#### [WHAT IS NEEDED]
The task requires repeating, word for word, the lines from the one with "This bingo card" through the end of the material, leaving out all pictures.

#### [THE INPUT]
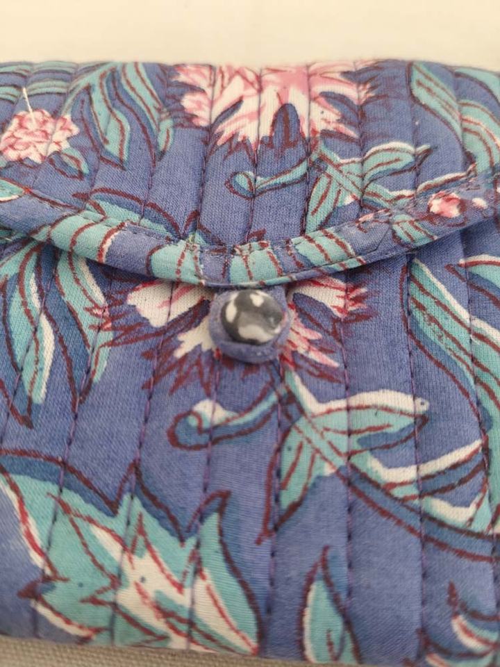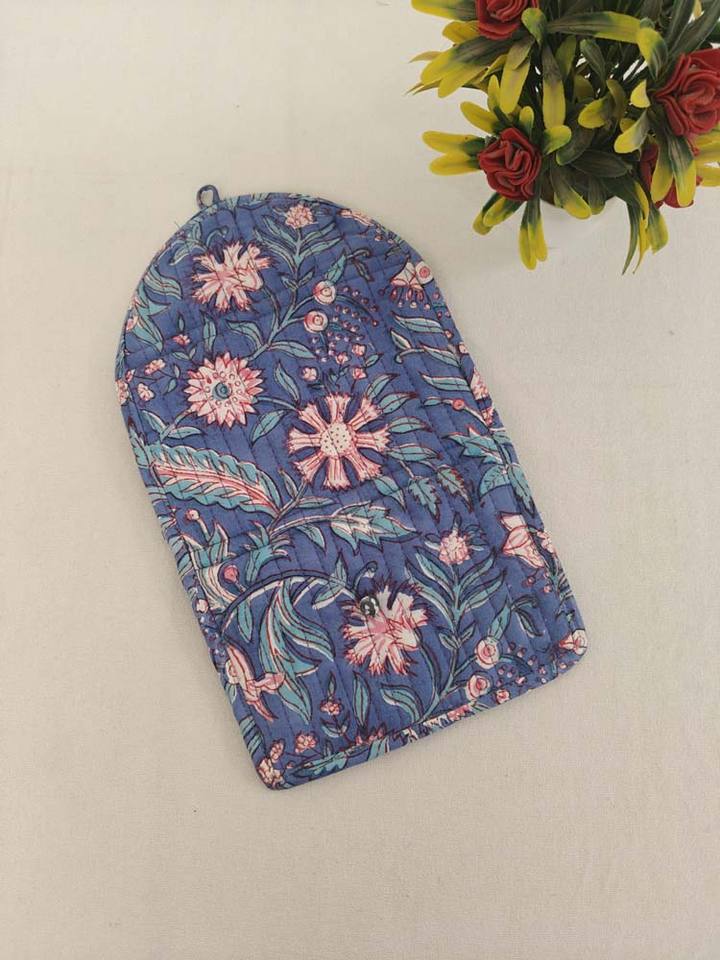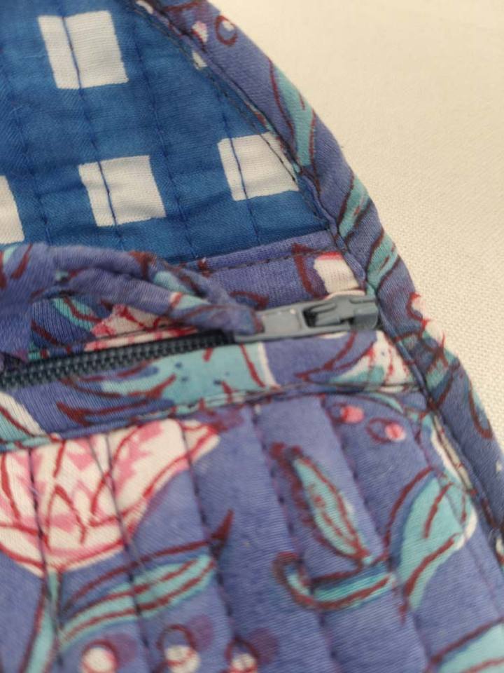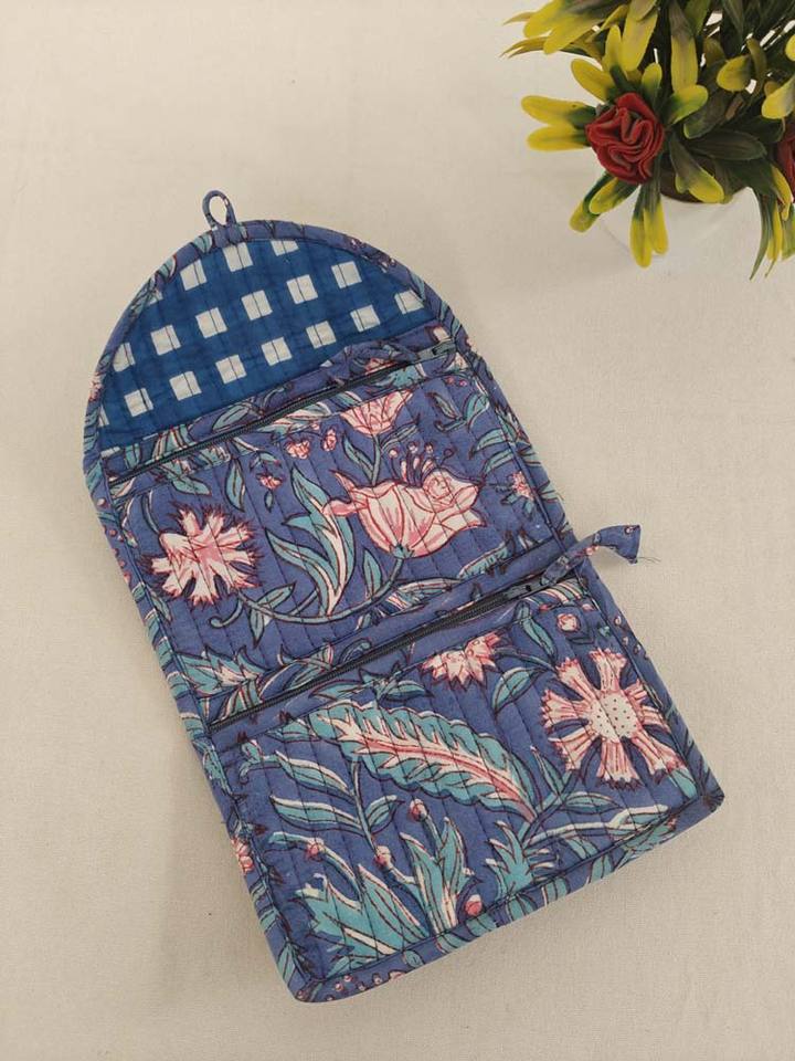 กระเป๋าใส่เครื่องประดับทำจากผ้าฝ้ายสีฟ้าเข้มเป็นมิตรต่อสิ่งแวดล้อมน้ำหนักเบาใช้ซ้ำได้มีซิปพิมพ์ลายอเนกประสงค์
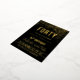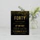 This formal, elegant, trendy, modern fortieth birthday party foil postcard invitation is suitable for men or women. It comprises golden clean lines, stylish upper case gothic script, and sophisticated gold foil text on a black background with showers of sparkling, shimmering gold confetti and party streamers.
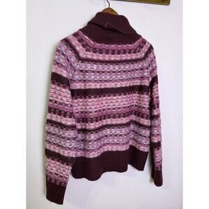 Evereve Petra Fair Isle Nordic Turtleneck Sweater Women’s M Maroon Pink Cozy
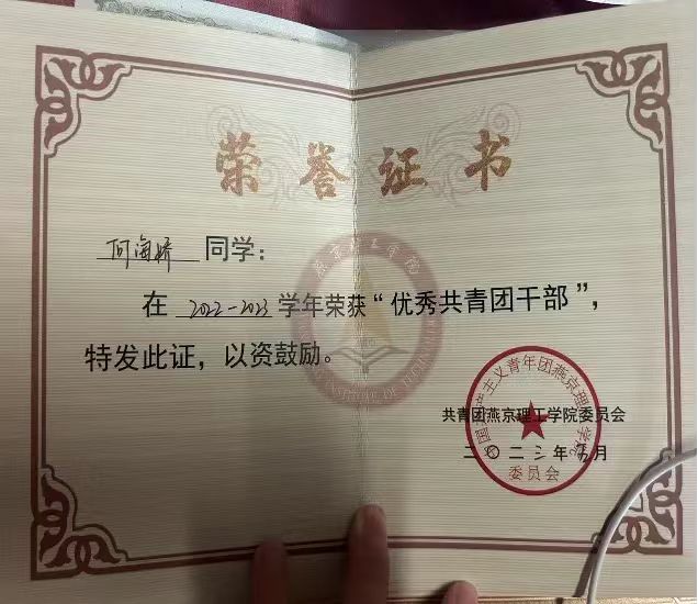 财管2103班何海娇,共青团员,曾任国际商学院朋辈心理互助协会会长。自担任会长以来,她认真对待每一项工作,以热情积极的态度对待部门工作的规划与分配、团队建设与管理、组织例会的召开以及心理健康宣传等。在过去的工作中,她曾组织部门顺利开展心理健康演讲比赛,并获得心理话剧二等奖。在何海娇同学的优秀带领下,朋辈心理互助会的各类活动都开展得井然有序,组织发展也愈发欣欣向荣。何海娇认真严谨的工作态度和身体力行的工作信念令她在组织中大放异彩,不仅为同学们树立了良好的榜样,同时也激励同学们更好地开展心理互助活动,为组织增光添彩。
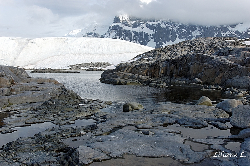 Nous débarquons en fin d’après midi à Port Lockroy. Il fait encore relativement beau. Sur l’île il y a des ossements de baleines, des manchots. De nouveau un très bel environnement.
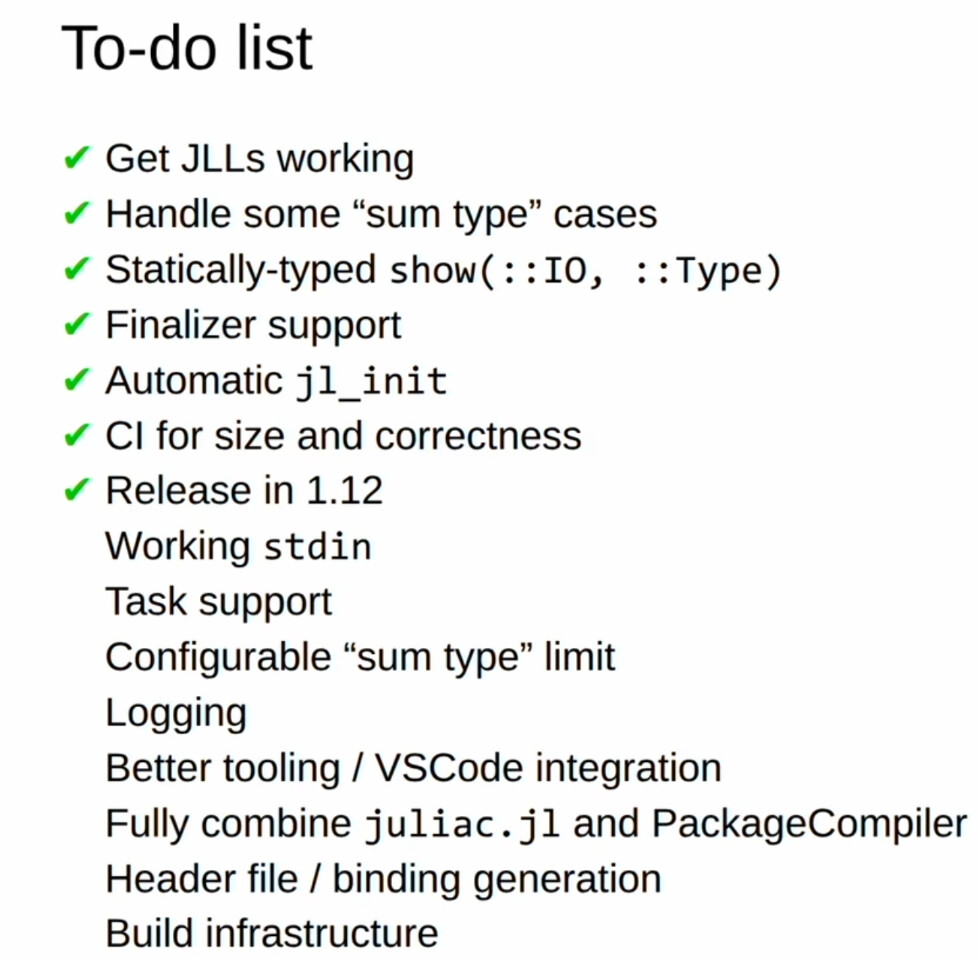 You can try with StaticTools.jl, although it will have caveats, if it works at all. But you can check. ![]()
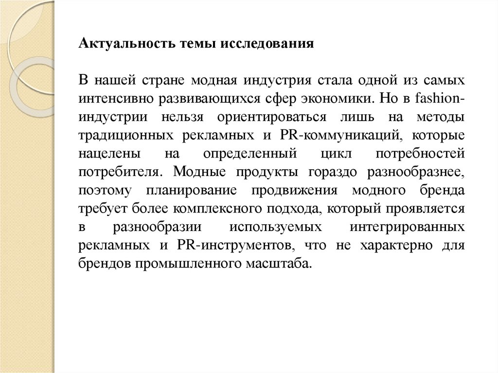Актуальность темы исследованияВ нашей стране модная индустрия стала одной из самых
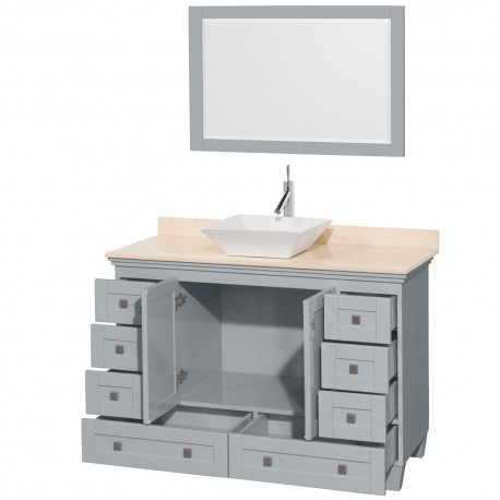 48 inch Single Bathroom Vanity in Oyster Gray, Ivory Marble Countertop, Pyra White Porcelain Sink, and 24 inch Mirror
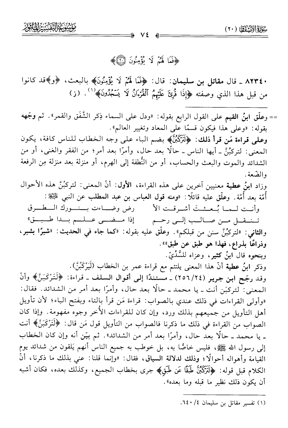 ٨٢٣٤٠ - قال مقاتل بن سليمان: قال: {فَما لَهُمْ لا يُؤْمِنُونَ} بالبعث، {و} قد كانوا من قبل هذا الذي وصفته {إذا قُرِئَ عَلَيْهِمُ القُرْآنُ لا يَسْجُدُونَ} (¬١). (ز)
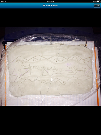For my Quarter 1 project I decided to do a clay model of a stone with different symbols from different tribes. Me as an artist likes to use different materials and methods for my projects so that's why this time I decided to use clay. I chose clay because to me its soothing and very fun to create things with. It is also a easy material to work with. I chose to use symbols and hieroglyphics because I also had an interest in for a while. The process of this project was very time consuming. First you have to state your idea/ make a proposal. Then you have to research your project idea and its mediums. Next you start off with a prototype to see how your finished product should come out. Once you're satisfied with the prototype then you can start you final product. I chose the symbols of happiness, Guidance, and Healing. I chose those symbols because I feel as though those terms and the keys of life. Without guidance your lost without happiness you're nothing, and without healing your stuck in the same mentality and trauma you've been in.
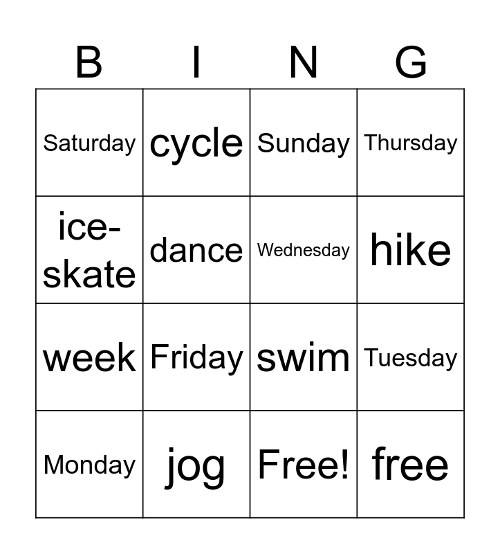 This bingo card has 17 words: Free!, Monday, Sunday, Saturday, Friday, Thursday, Tuesday, Wednesday, hike, dance, jog, swim, ice-skate, cycle, week, weekend and free.
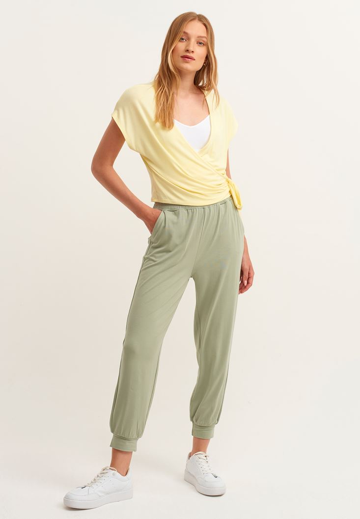 Kruvaze Bluz ve Jogger Pantolon Kombini
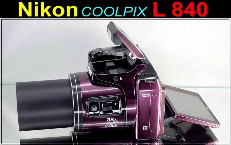 Nikon Coolpix L840 je kompaktní ultrazoom s rozlišením 16 MPix a optickým zoomem 38x. Má velký výklopný displej a mechanickou redukci vibrací. Je vybaven Wi-Fi s NFC. Natáčí FullHD video.

#### [OUTPUT FOR THIS TASK]
 This bingo card has 17 words: Free!, Monday, Sunday, Saturday, Friday, Thursday, Tuesday, Wednesday, hike, dance, jog, swim, ice-skate, cycle, week, weekend and free.
 Kruvaze Bluz ve Jogger Pantolon Kombini
 Nikon Coolpix L840 je kompaktní ultrazoom s rozlišením 16 MPix a optickým zoomem 38x. Má velký výklopný displej a mechanickou redukci vibrací. Je vybaven Wi-Fi s NFC. Natáčí FullHD video.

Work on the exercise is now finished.